The slippery slope of when an embryo becomes a human being has no clear cut answer. The question of whether defective human beings are of such value that others must sacrifice the quality of their lives to nurture and protect them is also a serious and difficult issue, including the question of who is capable of taking that challenge on. The problem is that those having to make these choices are not all the same. They were not all protected, they are not all intelligent, they are not even all adults, or emotionally stable, they may or may not have been taught the spiritual value of sacrifice, never-the-less the finer points of theology, and their financial situations vary drastically.
This is not an even playing field.
If we want to see the issue as black and white and applicable to all Americans, regardless of whether they believe in a particular religious moral code that calls abortion murder, we are going to have to be consistent about killing as a moral option.
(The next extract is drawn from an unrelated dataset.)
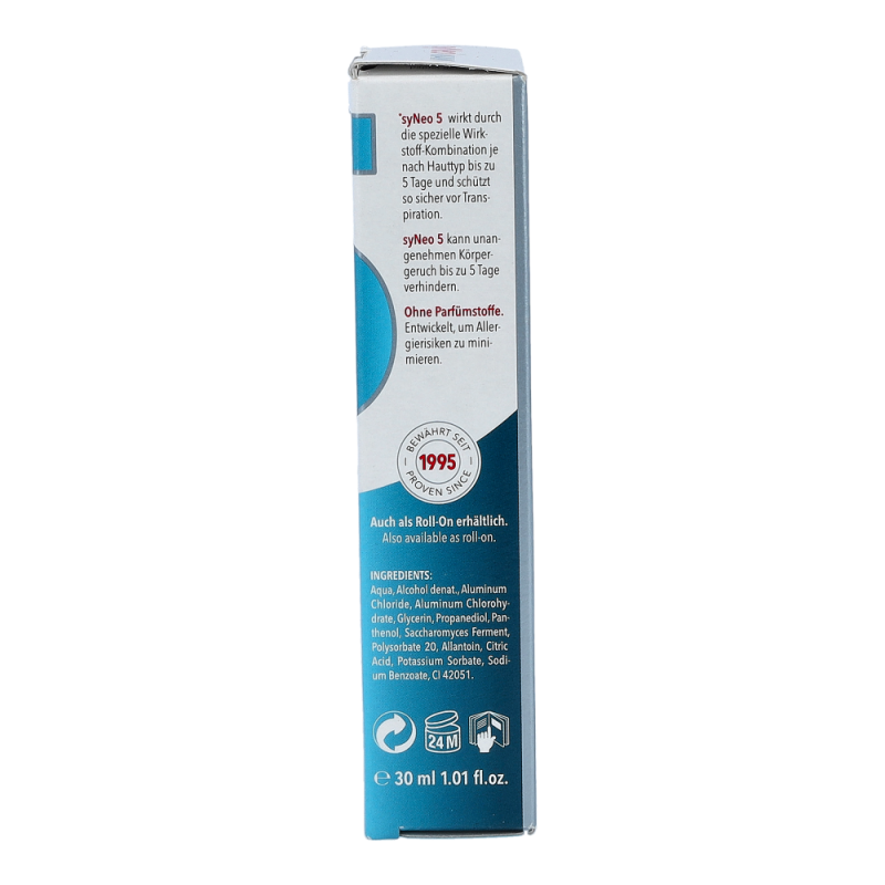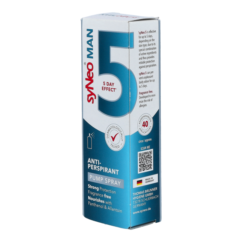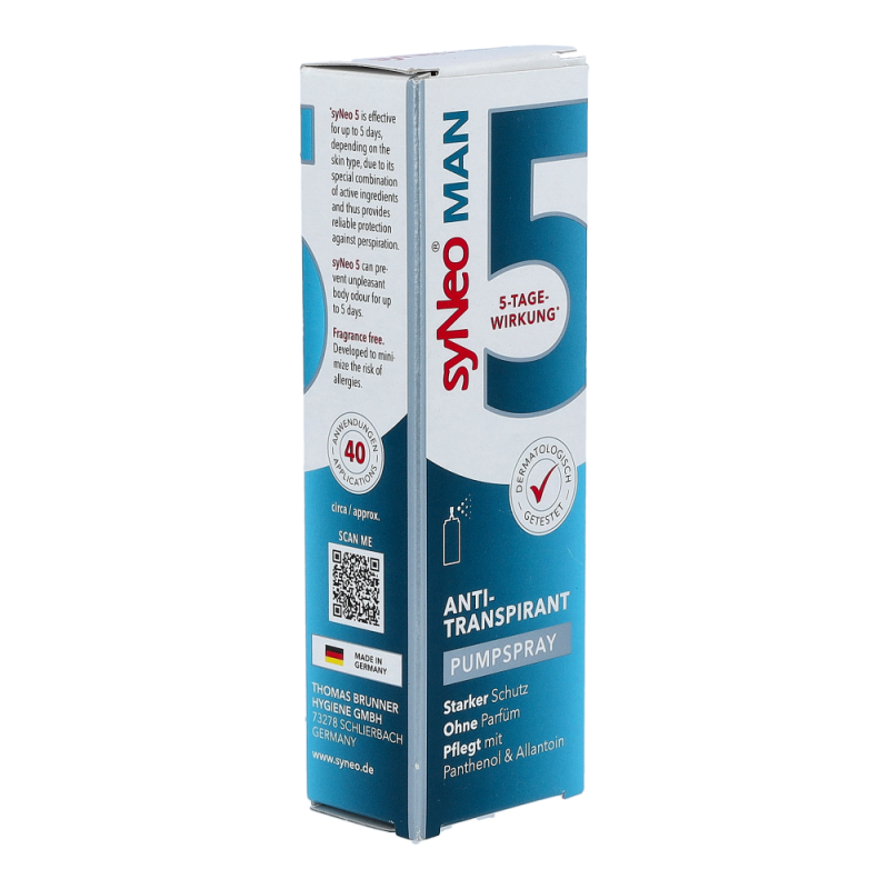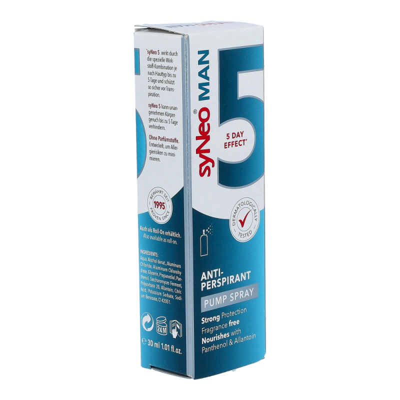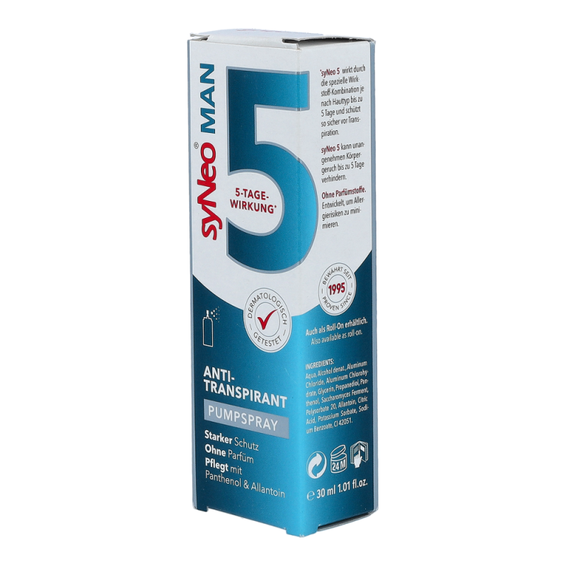 Syneo 5 Man Deo Pumpspray wird zur Reduzierung des Schweißgeruchs bei Männern angewendet. Das enthaltene Aluminiumchlorid bildet mit Proteinen auf der Haut eine Verbindung, welche die Schweißdrüsen verschließt. Durch Anwendung dieses Produktes wird außerdem die Vermehrung von Hautbakterien gehemmt.

Is killing ever moral? When? Why?
Is it moral to send our children by the thousands to kill and be killed fighting in places we have no legal and a very doubtful moral right to invade? Our current response to fear of others in the world is simply to bomb them, killing the innocent along with those we judge as guilty. Is a Syrian child of less value than an American embryo? In a democracy the government represents the people. You and I are as responsible as our leaders and those that aim the bombs.
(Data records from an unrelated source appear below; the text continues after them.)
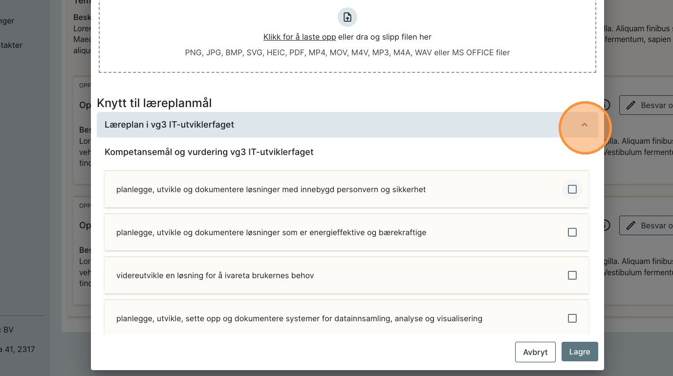Dette gjøres ved å trykke på pilen på læreplanen du vil knytte innleveringen til.
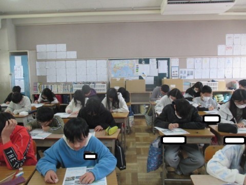 6年 学習の様子 公開日 2026/03/09 更新日 2026/03/09 6年生 3月9日(月)1組の外国語では,プリント問題に取り組んでいました。理科最後の単元「自然と共に生きる」ではテストをしていました。 +7
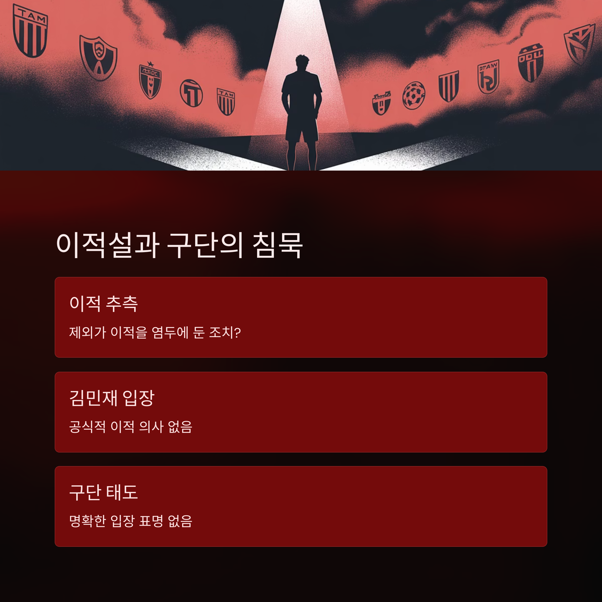 최근 김민재의 이적설이 제기되면서, 구단이 그를 제외한 것이 이적을 염두에 둔 조치라는 추측도 나왔습니다. 그러나 김민재는 공식적으로 이적 의사를 밝히지 않았으며, 구단도 명확한 입장을 내놓지 않았습니다.
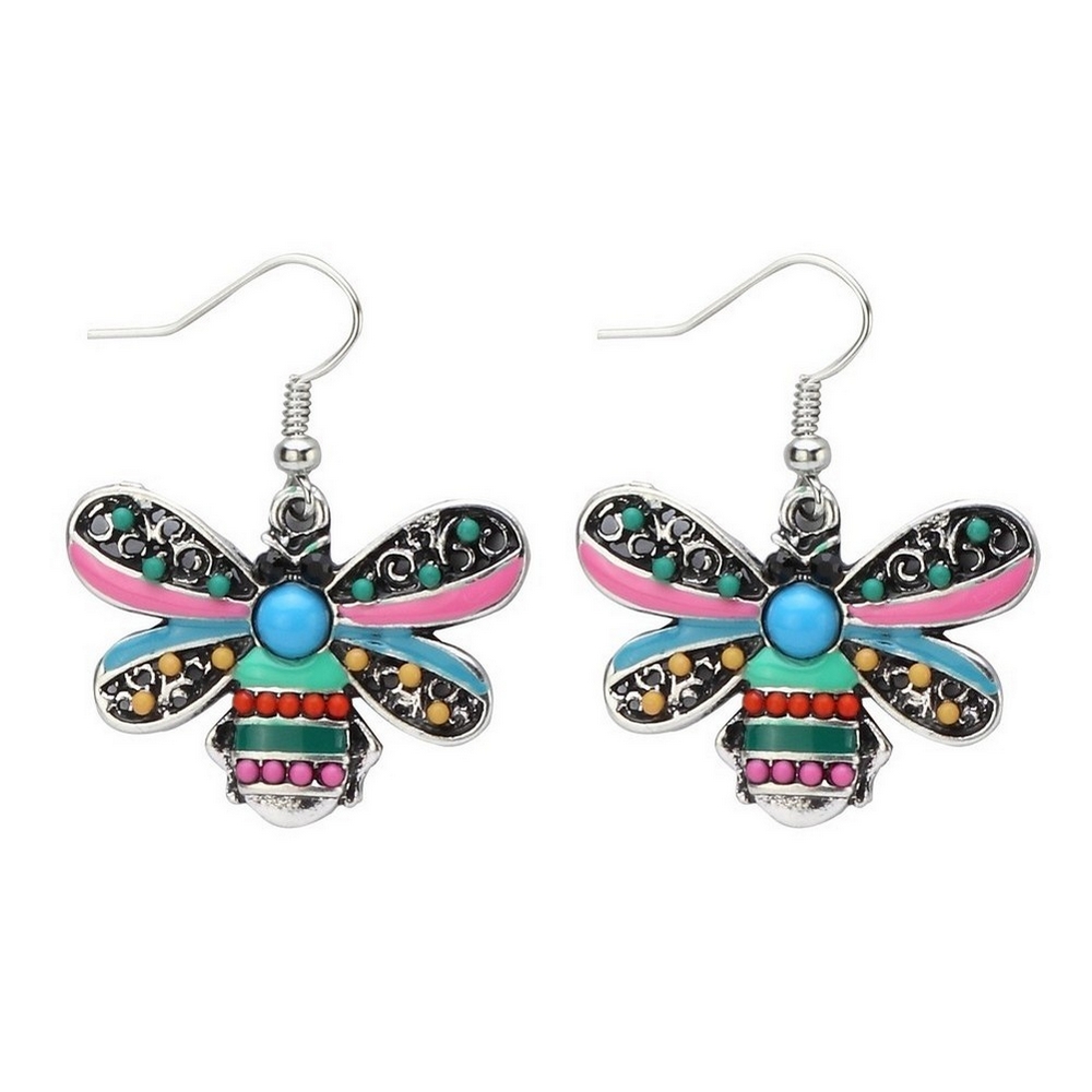 Drop Earring Bee Made With Enamel & Crystal Glass
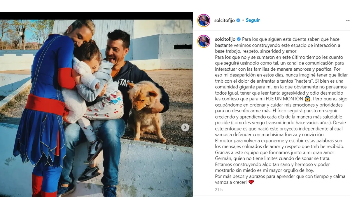"Pero bueno, sigo ocupándome en ordenar y cuidar mis emociones y prioridades para no desenfocarme más. El foco seguirá puesto en seguir creciendo y aprendiendo cada día de la manera más saludable posible (como les vengo transmitiendo hace varios años). Desde este enfoque es que nació este proyecto independiente al cual vamos a defender con muchísima fuerza y convicción. El motor para volver a exponerme y escribir estas palabras son los mensajes colmados de amor y respeto que también he recibido", argumentó Sol.
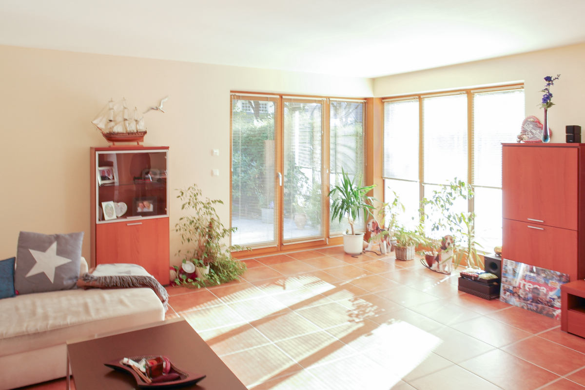 Von der Küche aus gelangt man auf eine kleinere Frühstücksterrasse, vom Wohnzimmer aus auf die ca. 30m² große Südterrasse.

Can we risk killing those found guilty of killing others within our own society, knowing the statistics on the innocent people that have been sent to their death by our system of justice? Is the jury morally responsible in those cases?
Is it moral to kill in self-defense? Can we morally kill in defense of our property? Are jewels and computers and televisions worth killing a human being who is possibly capable of repentance?
Can we allow people to take their own lives? Can we allow dying people to choose how they die?
Regardless of how we believe we personally would choose, we need to look deep within ourselves, imagining those vulnerable ones we love being the child or person facing these decisions. It’s not just an impersonal theological issue. Do we have the right to make these kinds of decisions for people we know nothing about and that we take no responsibility for the consequences we are insisting on forcing on them?